Exercise details =>
Would you restate every entry that follows, word for word, and leave out the pictures?

Given data =>
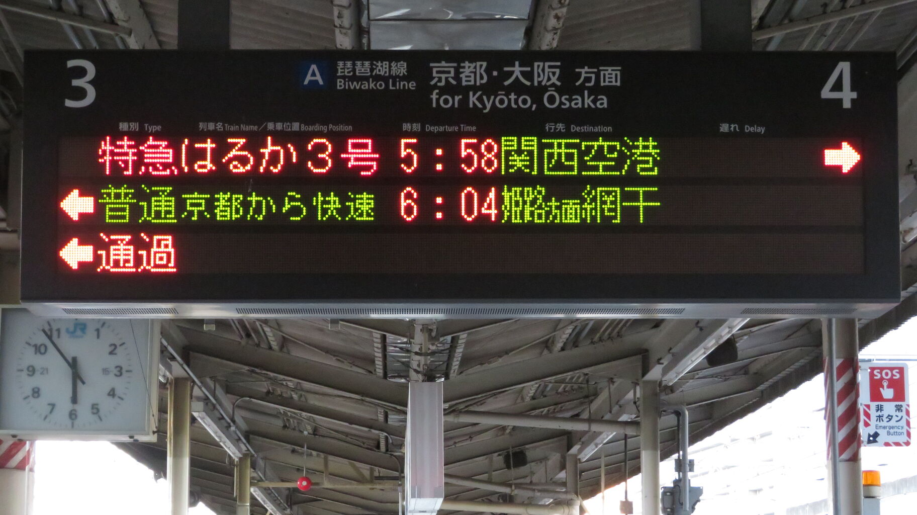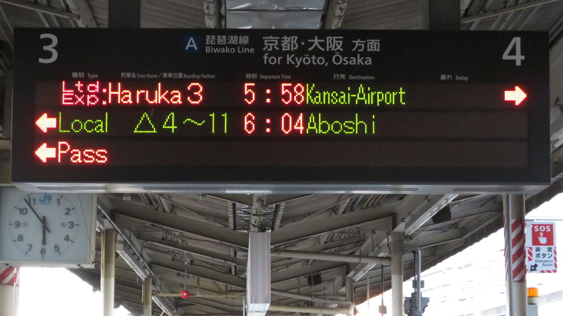 野洲から来るはるか号は3番のりばから発車しますが、当駅始発のはるか号は4番のりばから発車します。
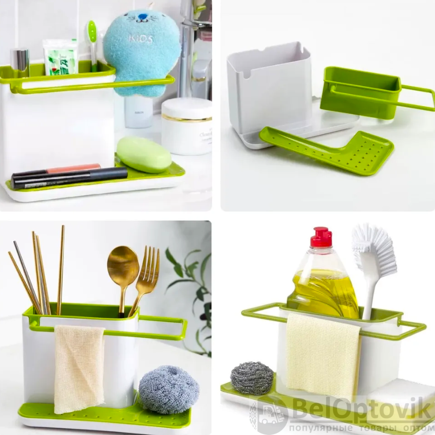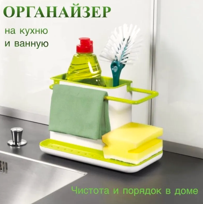 Органайзер для раковины 3в1 Daily Use / Подставка - держатель для губок и моющего средства – 1 шт.;
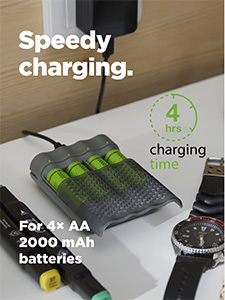 Rýchle a bezpečné nabitie - to je základ, ktorý od nabíjacích batérií očakáva každý užívateľ. S nabíjačkou GP Speed dosiahnete maximálnej kapacity vašich nabíjacích batérií v prípade ich úplného vybitia už za menej ako 4 hodiny.
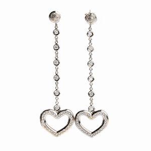 con motivo di cuori concentrici in oro bianco 18k, incastonato con diamanti rotondi, taglio brillante, circa 2.00 [..]
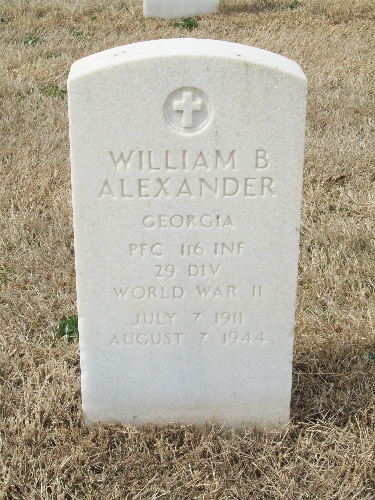William served in the 116th Infantry Regiment, 29th Infantry Division, as a Private First Class during World War II. He was Killed in Action on August 7, 1944, during the liberation of Vire, France. PFC Alexander is now buried in the Chattanooga National Cemetery, Chattanooga, Hamilton County, Tennessee, USA.

Task output =>
 野洲から来るはるか号は3番のりばから発車しますが、当駅始発のはるか号は4番のりばから発車します。
 Органайзер для раковины 3в1 Daily Use / Подставка - держатель для губок и моющего средства – 1 шт.;
 Rýchle a bezpečné nabitie - to je základ, ktorý od nabíjacích batérií očakáva každý užívateľ. S nabíjačkou GP Speed dosiahnete maximálnej kapacity vašich nabíjacích batérií v prípade ich úplného vybitia už za menej ako 4 hodiny.
 con motivo di cuori concentrici in oro bianco 18k, incastonato con diamanti rotondi, taglio brillante, circa 2.00 [..]
William served in the 116th Infantry Regiment, 29th Infantry Division, as a Private First Class during World War II. He was Killed in Action on August 7, 1944, during the liberation of Vire, France. PFC Alexander is now buried in the Chattanooga National Cemetery, Chattanooga, Hamilton County, Tennessee, USA.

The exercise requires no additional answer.